Chance of two-state solution fading: France on Israeli-Palestinian peace push

A two-state solution to the Israeli-Palestinian conflict may soon be impossible, France said on Friday as it held an international conference to revive the quest for a deal despite Israel's warning that the effort is doomed to failure. 

With US efforts to broker an accord in deep freeze for two years and Washington focused on its November presidential election, France hosted an conference with the aim of breaking the apathy over the impasse and stir new diplomatic momentum.

Palestinians have welcomed the French initiative but Israeli officials have said an international conference will not work and that only direct talks between the old foes can bring peace.

Neither Israel nor the Palestinians were invited to the conference, though the objective is to get them to negotiate after the US elections.

"The two-state solution is in serious danger. We are reaching a point of no return where this solution will not be possible," French Foreign Minister Jean-Marc Ayrault told a news conference after convening some 25 ministers mainly from the Arab world, Europe and the United States. 

A final communique said all countries present had reaffirmed the need for a negotiated two-state solution and that direct negotiations between the two sides should be based on existing UN Security Council resolutions.

It warned that the status quo — a lack of headway toward a Palestinian state in territory occupied by Israel since the 1967 Middle East war — was not sustainable.

US Secretary of State John Kerry said the parties had discussed the possibility of convening an international conference by the end of this year, but that direct negotiations between Israelis and Palestinians would be the only way to achieve a solution.

"What today emphasized is we need to find some immediate kinds of steps on the ground that will make a difference," Kerry told reporters. "We need to work with the parties. Everybody agreed today that you can't impose a solution from outside."

Ayrault said the powers wanted work to begin by the end of June on a set of economic incentives and security guarantees to encourage the two sides to resurrect peace talks.

They would also seek ways to break deadlocks that scuttled previous negotiations and look at whether other peace efforts such as a 2002 Arab offer of peace to Israel in exchange for its withdrawal from all occupied land remain viable.

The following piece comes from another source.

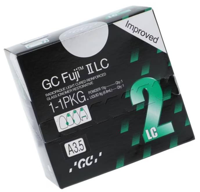 GC Fuji II LC - A3.5 - 1:1 Package, Light-Cure Resin Reinforced Glass Ionomer Restorative: 15 Gm. Powder, 8 Gm. Liquid, Mixing Pad and Measuring Scoop. #000187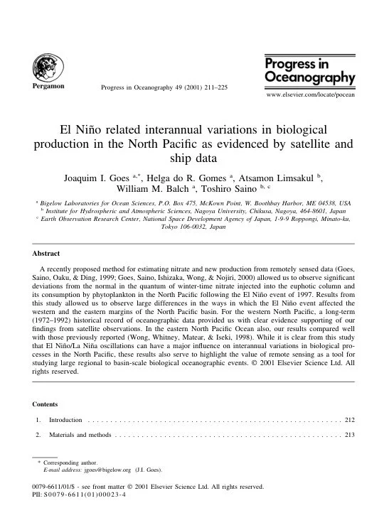 Eos, Transactions, American Geophysical Union | PDFEl Niño related interannual variations in biological production in the North Pacific as evidenced by satellite and ship data (2001)

"The Arab peace initiative has all the elements for a final settlement," Saudi Foreign Minister Adel al-Jubeir told reporters, and it could not be watered down to suit Israel. "It is on the table and a solid basis for resolving this long-standing dispute. It provides Israel with a lot of incentives and it's incumbent on the Israelis to accept that."

'Two-state solution' fading: Mogherini 

The European Union's foreign policy chief, Federica Mogherini, said it was the duty of international and regional players to find a breakthrough since the two sides appeared incapable of doing so alone.

Palestinians say continuous Israeli settlement expansion in occupied territory since then has dimmed any prospect for the viable state they seek in the West Bank and Gaza Strip, with a capital in Arab East Jerusalem.

Israel has demanded tighter security measures from the Palestinians and a crackdown on militants who have attacked Israeli civilians or threaten their safety. It also says Jerusalem is Israel's indivisible capital.

The interim 1993 Oslo peace accords were meant to yield a "two state solution" within five years. 

"The policy of settlement expansion and demolitions, violence, and incitement tells us very clearly that the perspective that Oslo opened up is seriously at risk of fading away," Mogherini told reporters.

She said the Middle East Quartet of the EU, Russia, United States and United Nations was finalizing recommendations on what should be done for the two sides to negotiate in good faith.